What is needed »
Reproduce the listing below as it stands. Leave out each image.

Dataset extract: Begin

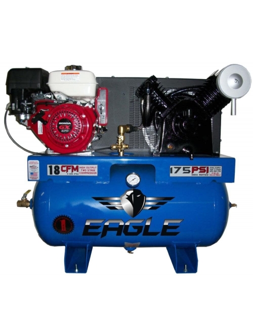 Eagle 9G30TRK E 30 Gallon ASME horizontal stationary capacity tank. 9 HP Honda GX270 manual/electric gas engine with ideal control. Cast iron cylinders with V design. Oil lube compressor delivers 18 CFM 100 PSI. 175 Max PSI. Easy view oil sight gauge. Metal air filers with “auto drop” feature. Outlet control regulator with quick connectors. Efficient heat removal from the fly wheel for cooler running and longer life. Sturdy metal belt guard. Outlet valve included.
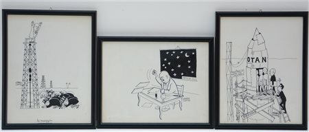 Maurice Henry Lotto composto da tre vignette satiriche a china su carta, raffigu
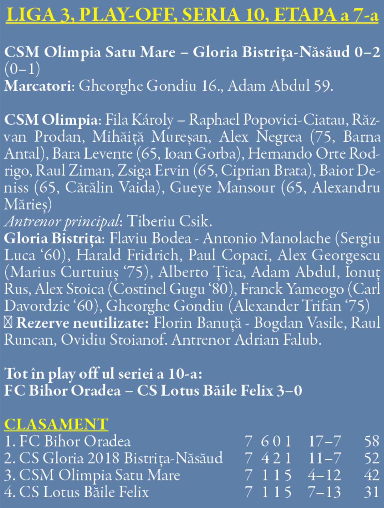 După o evoluție ștearsă, echipa de fotbal din cadrul Clubului Sportiv Municipal Olimpia Satu Mare a suferit a cincea înfrângere în play-off-ul ligii a 3-a, 0-2 cu Gloria Bistrița.
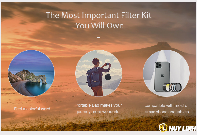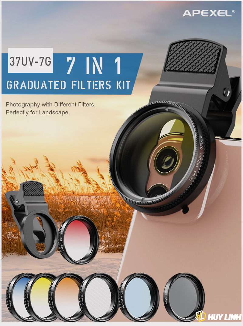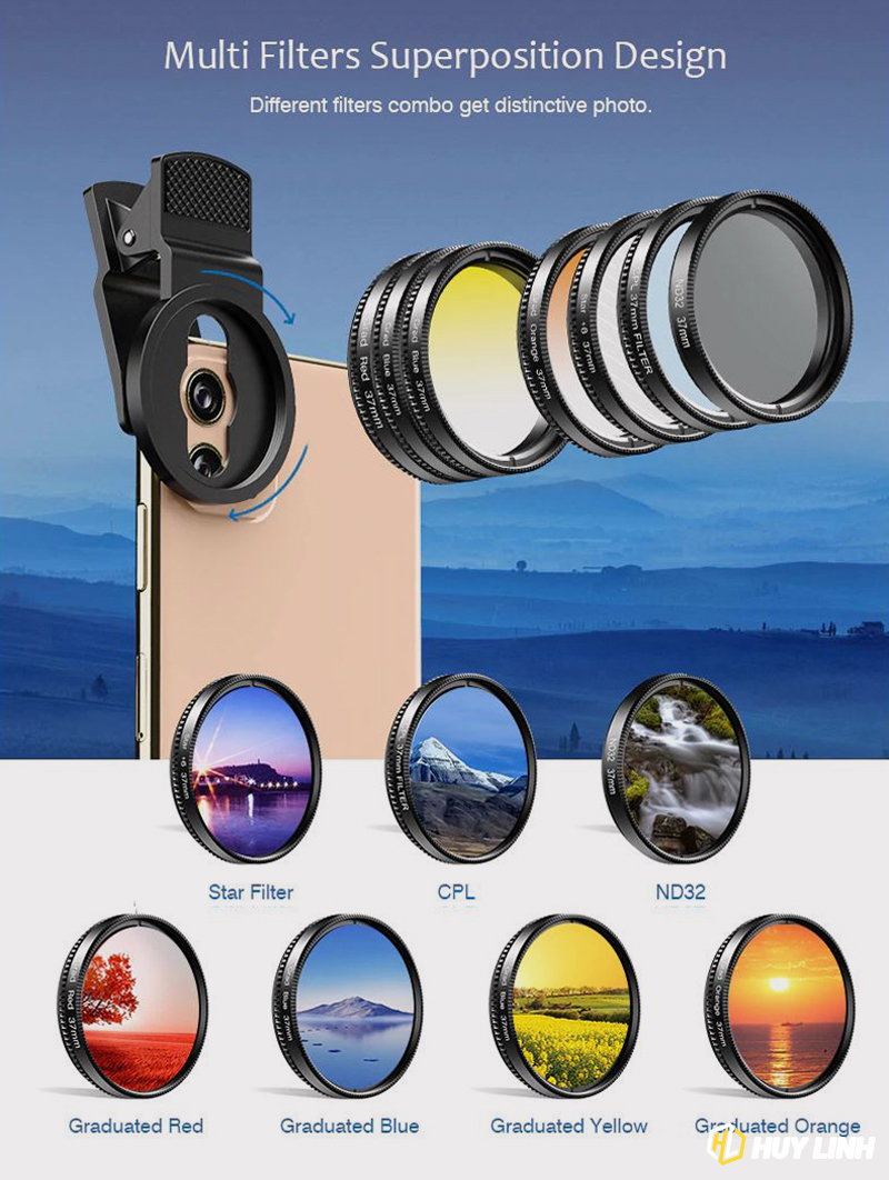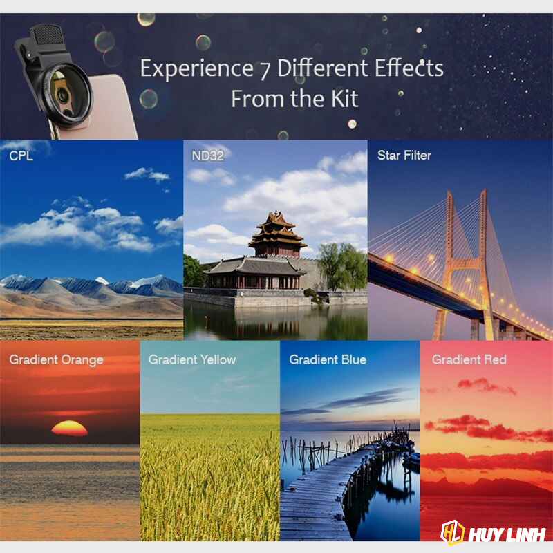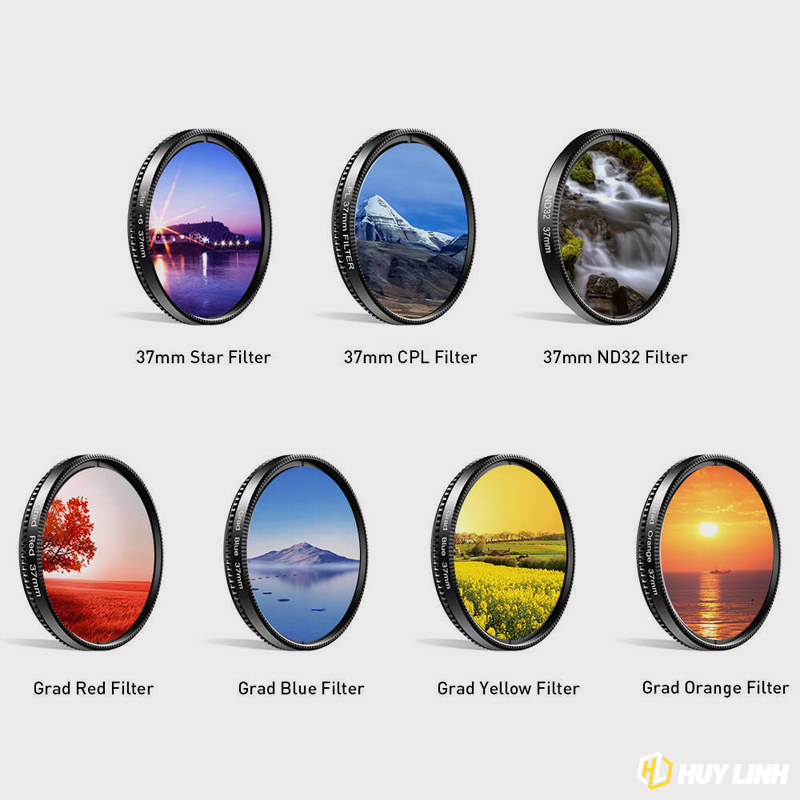 - Đây là một sản phẩm thiết kế chuyên nghiệp đạp ứng đầy đủ nhu cầu chụp ảnh khác nhau của người dùng với 0.45X góc rộng, macro 15X, Bộ kính lọc màu Đỏ/Vàng/Cam/Xanh Dương, CPL, ND32 và Ngôi Sao trong cùng một bộ.

Dataset extract: End

Final answer »
 Eagle 9G30TRK E 30 Gallon ASME horizontal stationary capacity tank. 9 HP Honda GX270 manual/electric gas engine with ideal control. Cast iron cylinders with V design. Oil lube compressor delivers 18 CFM 100 PSI. 175 Max PSI. Easy view oil sight gauge. Metal air filers with “auto drop” feature. Outlet control regulator with quick connectors. Efficient heat removal from the fly wheel for cooler running and longer life. Sturdy metal belt guard. Outlet valve included.
 Maurice Henry Lotto composto da tre vignette satiriche a china su carta, raffigu
 După o evoluție ștearsă, echipa de fotbal din cadrul Clubului Sportiv Municipal Olimpia Satu Mare a suferit a cincea înfrângere în play-off-ul ligii a 3-a, 0-2 cu Gloria Bistrița.
 - Đây là một sản phẩm thiết kế chuyên nghiệp đạp ứng đầy đủ nhu cầu chụp ảnh khác nhau của người dùng với 0.45X góc rộng, macro 15X, Bộ kính lọc màu Đỏ/Vàng/Cam/Xanh Dương, CPL, ND32 và Ngôi Sao trong cùng một bộ.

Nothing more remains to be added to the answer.